Dog outside: Hey! Listen up all you losers! I’m the coolest dog on this block! No one is smarter or funnier than me! Get used to it!
My dog from the window: THAT’S! NOT! TRUE! Who said that?! Show yourself! I think you’re awful!!
[Snake Owners Club]
Thanks for coming. A reminder, stuffing an animal into a sock does NOT make it a snake.
[Me & like 3 other guys leave]
I confess that for many years I’ve used a highly successful tax avoidance scheme based on not earning any money.
I just sung Mariah Carey’s “Hero” to myself because it seems no one else in this house can put a new roll of toilet paper on the thing.
It breaks my heart to know that I live in a country where some of its citizens actually can’t believe that isn’t butter.
Daughter: Dad, can I have some Kit Kat for my snack tonight?
Me: Absolutely not
D: Why?
M: Because I said so
D: Because you ate them?
M: Yes
my only hobby is seeing how close i can get to squirrels before they run away
Therapist: Do you know what your problem is?
Me: Would I be here if I did? Did you really go to school for this shit?
[date]
HER: Any hobbies?
ME: I collect old comics
HER: Oh! Like 1st editions?
ME: [flashback to Billy Crystal tied up in basement] Sure
Last week, my sister ran a marathon. Today, she is rappelling down a skyscraper.
I’m starting to think one of us is adopted.
The only good comments section online is on recipes
Me: lets go on a date
Her: umm
Me: what could go wrong
*25 minutes later we are being chased by a pack of raccoons*
They should change the name from all you can eat pancake breakfast to 4 or 5 pancakes at most
There’s an expiration date on this bottle of Bailey’s lmao
Boss: Where’d you go??
Me: I got all the way up front and realized I forgot my pen.
Boss: Okay?
Me: So I went to lunch.
Sorry I ate all your cake after you passed out and then drew your angry eyebrows on so you’d be ready to discuss it when you woke up.
Me, on phone with mom, “I’m drinking a glass of rose’ paired with a warm, toasted strawberry crumble.”
Husband, “You’re drinking wine from a box and eating a pop tart.”

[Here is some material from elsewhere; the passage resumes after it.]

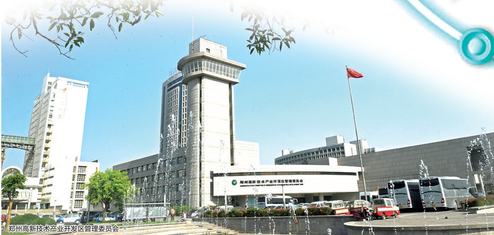
郑州高新技术产业开发区管理委员会

继惠济万达11月18日开业之后, 郑州第5座万达广场将落户高新区, 总投资40亿元。随着今年郑州房地产市场的火爆, 高新区的表现也十分抢眼, 有多个大的住宅项目入市, 并遭到疯抢, 但是与住宅销售火爆形成鲜明对比的是, 区内至今没有一个现代化的、成体系的商业综合体。此次郑州高新万达广场项目签约, 可满足高新区群众对商业的迫切渴望。据知情人士透露, 郑州高新万达广场项目位置在科学大道与垂柳路的交会处。当天台上签约的分别是大连万达商业地产股份有限公司、河南晟和祥实业有限公司和高新区管委会三方。河南晟和祥实业有限公司是福晟集团和谦祥集团合作共同打造钱隆城项目而量身打造的一家公司。从签约方来看, 郑州高新万达广场项目将落户到钱隆城项目内。同日高新区签约的还有另外11个项目, 总投资255亿元。

Me, finger to my mouth, “Shhhh….”
I got new glasses with anti-glare lenses but I’m looking at my wife right now and, boy, they clearly do not work
The shower scene from Psycho, but instead of a knife, Norman Bates is wielding a ferocious Chihuahua
“Man, what’s eating you today?
*looks down*
I Don’t know…. GET IT OFF OF ME!!!
All it took was a skirt and one strong gust of wind and all of a sudden, my spirit animal is Hello Kitty.
Everybody keep your fingers crossed for me today.
Nothing’s happening, I just like bossing around internet strangers.
I bet the skeletons, in my gay coworker’s closet, are having a dress up party with fabulous clothes.
If you want to see a true tyrant in action, put one of your kids in charge of the other ones.
men what’s stopping you from looking like this
My 7 year old asked me if he could have a poster of an “artist named Eminem” and I flexed on him by telling him how I saw Eminem live in his hometown of Detroit.
Asking for her hand in marriage means something entirely different if your name’s Frankenstein.